__Records to use__:
[Start of section]

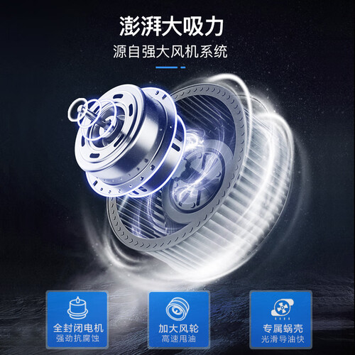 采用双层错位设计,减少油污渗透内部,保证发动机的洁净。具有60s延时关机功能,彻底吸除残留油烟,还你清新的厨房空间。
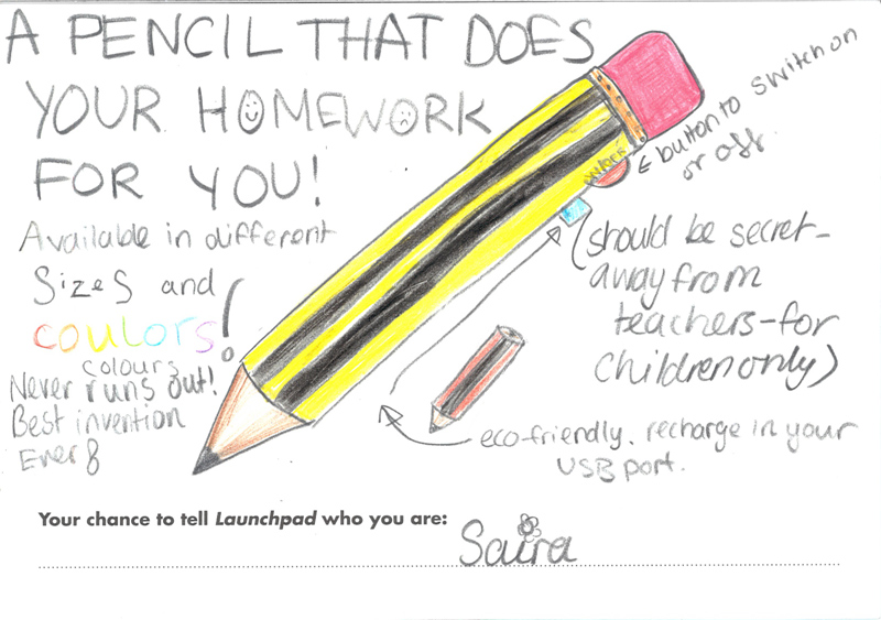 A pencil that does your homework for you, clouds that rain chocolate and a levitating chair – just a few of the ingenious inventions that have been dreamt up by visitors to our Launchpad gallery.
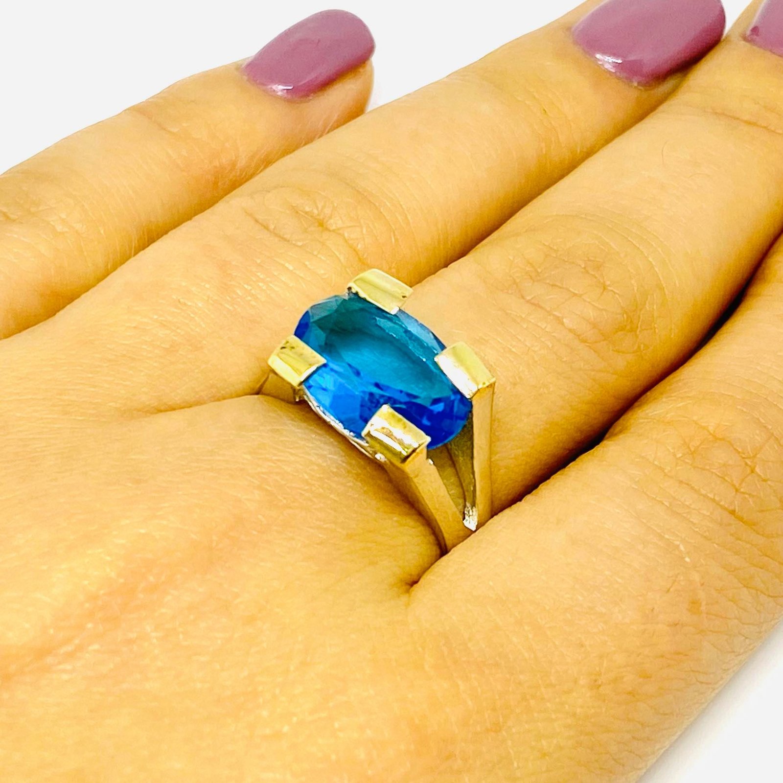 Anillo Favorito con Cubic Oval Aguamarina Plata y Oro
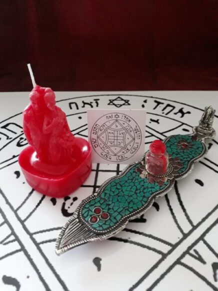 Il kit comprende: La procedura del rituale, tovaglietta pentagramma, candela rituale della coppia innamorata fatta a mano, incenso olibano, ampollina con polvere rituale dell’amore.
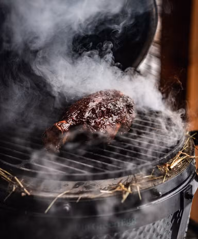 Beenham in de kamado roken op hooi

[End of section]
[Start of section]

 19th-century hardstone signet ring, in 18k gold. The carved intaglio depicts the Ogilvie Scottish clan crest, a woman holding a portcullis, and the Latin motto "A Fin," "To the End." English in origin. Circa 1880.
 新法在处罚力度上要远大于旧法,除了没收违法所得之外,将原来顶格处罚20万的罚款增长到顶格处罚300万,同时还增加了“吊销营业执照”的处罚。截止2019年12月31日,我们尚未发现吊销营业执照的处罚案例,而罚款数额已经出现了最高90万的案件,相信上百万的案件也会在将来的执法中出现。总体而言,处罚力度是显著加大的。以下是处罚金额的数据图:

[End of section]

__Problem description__:
Look above and copy only the lines from the one holding "采用双层错位设计,减少油污渗" to the one holding "Il kit comprende: La", both included, exactly, minus the pictures.

__Answer space__:
 采用双层错位设计,减少油污渗透内部,保证发动机的洁净。具有60s延时关机功能,彻底吸除残留油烟,还你清新的厨房空间。
 A pencil that does your homework for you, clouds that rain chocolate and a levitating chair – just a few of the ingenious inventions that have been dreamt up by visitors to our Launchpad gallery.
 Anillo Favorito con Cubic Oval Aguamarina Plata y Oro
 Il kit comprende: La procedura del rituale, tovaglietta pentagramma, candela rituale della coppia innamorata fatta a mano, incenso olibano, ampollina con polvere rituale dell’amore.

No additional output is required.